Глеб накрыл мои ладони своими.
— Я знаю, Мышка, — ответил он. — У тебя все эмоции на лице написаны, очень легко читать.
— Так, значит, ты именно к ней настолько часто ездишь?
— Да, разбираюсь с клубами и обязательно заскакиваю к Кате. У меня есть дом в уютном городке на юге Германии. А здесь… квартира.
— А почему не привезешь дочь сюда? — полюбопытствовала я. — Если думаешь, что я ее не приму, то зря. Дети никогда помехой стать не могут. Я обязательно полюблю ее, ведь она твоя, Глеб.
— Давай мы сначала друг к другу привыкнем, притремся. Если вдруг что-то не выйдет, то зачем лишний раз травмировать ребенка? Катя уже потеряла мать, ты же понимаешь?
— Конечно, — согласилась я.
— Вот и хорошо, Мышка, — остался доволен Глеб. — А теперь иди ко мне.
Его глаза загорелись уже знакомым мне огнем.
— Но… завтрак…
— И в аэропорту смогу перекусить, а вот когда с тобой еще раз увидимся, неизвестно, — прижался поцелуем мужчина. — Или ты не хочешь показать мне, как сильно будешь скучать, Мышка?
Скучала ужасно. Мне настолько оказалось невыносимо без Глеба, что впору было на стены лезть и выть от тоски. Хорошо, все время находились другие занятия. Реабилитация после травмы занимала почти весь день, и подготовка к экзамену тоже. Потихоньку я прогоняла номер, который должна была показать.
Правда, пришлось выкинуть из него почти все сложные элементы. Чем только Хорькова собиралась брать, понятия не имела… Оставалось надеяться, что наш гениальный хореограф учтет мои былые заслуги и закроет глаза на деревянные движения. Пластика ко мне пока не вернулась…

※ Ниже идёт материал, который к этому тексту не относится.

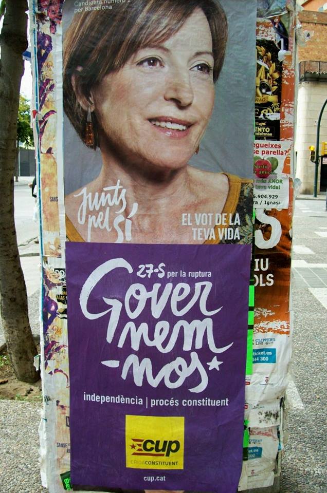 Sospechosamente las CUP y Junts pel Sí, se respetan los espacios electorarles, no se tapan los carteles electorales (primera vez en la historia) y comparten la misma agencia de publicidad que ha utilizado estilos muy semejantes para las dos campañas: en tipografía y colores. En política hay pocas casualidades.

С Глебом мы перезванивались редко, сама я ему не писала и не надоедала звонками, как он и просил. Сдерживалась из последних сил. Ведь иногда очень хотелось услышать его голос…
Подработки я лишилась, дополнительные нагрузки моей спине были сейчас противопоказаны. Хорошо, что Глеб оставил деньги, иначе неизвестно, как выживала бы. А так получится безбедно прожить месяц-два. Хотя сидеть на его шее я не планировала, обязательно найду работу, даже если с театром Хорькова не сложится.

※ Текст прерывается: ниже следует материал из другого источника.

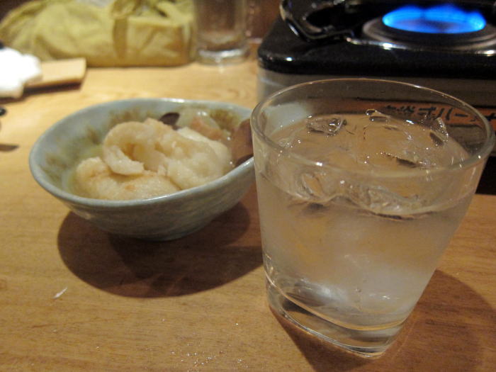 この日は、昼間の暑さにかなりやられたあと、友人と中華をおなかいっぱい食べた後の訪問でした。おいしい料理を出してくれるマスターには申し訳ないことに満腹で、苦しくてマスターに、わがままを言っておなかがすっきりするお酒をお願いしたところ、グレープフルーツを搾り、アセロラジュースとブレンドした焼酎割りを丁寧に作っていただきました。1:1:1の豪華なカクテルで、飲んでさっぱりすっきりとおなかの調子がよくなりました。後で、とてもありがたい気持ちになりました。

К матери наведываться было стыдно… Мы редко ругались, почти никогда, а тут я такое вычудила… Но и она не имела никакого права так пренебрежительно отзываться о мужчине, которого я выбрала. Все же я давно не ребенок, глупо считать, что начну плясать под дудку родителей, наплевав на собственные желания.
Когда наша пауза непозволительно сильно затянулась, я сорвалась первая и позвонила.
— Он уже тебя бросил? — первое, что спросила мама, стоило ей услышать мой голос. — Удостоверилась, что я была права?
На этом наш разговор и завершился, толком не успев начаться. Все опять переросло в банальный скандал, взаимные упреки и обиды.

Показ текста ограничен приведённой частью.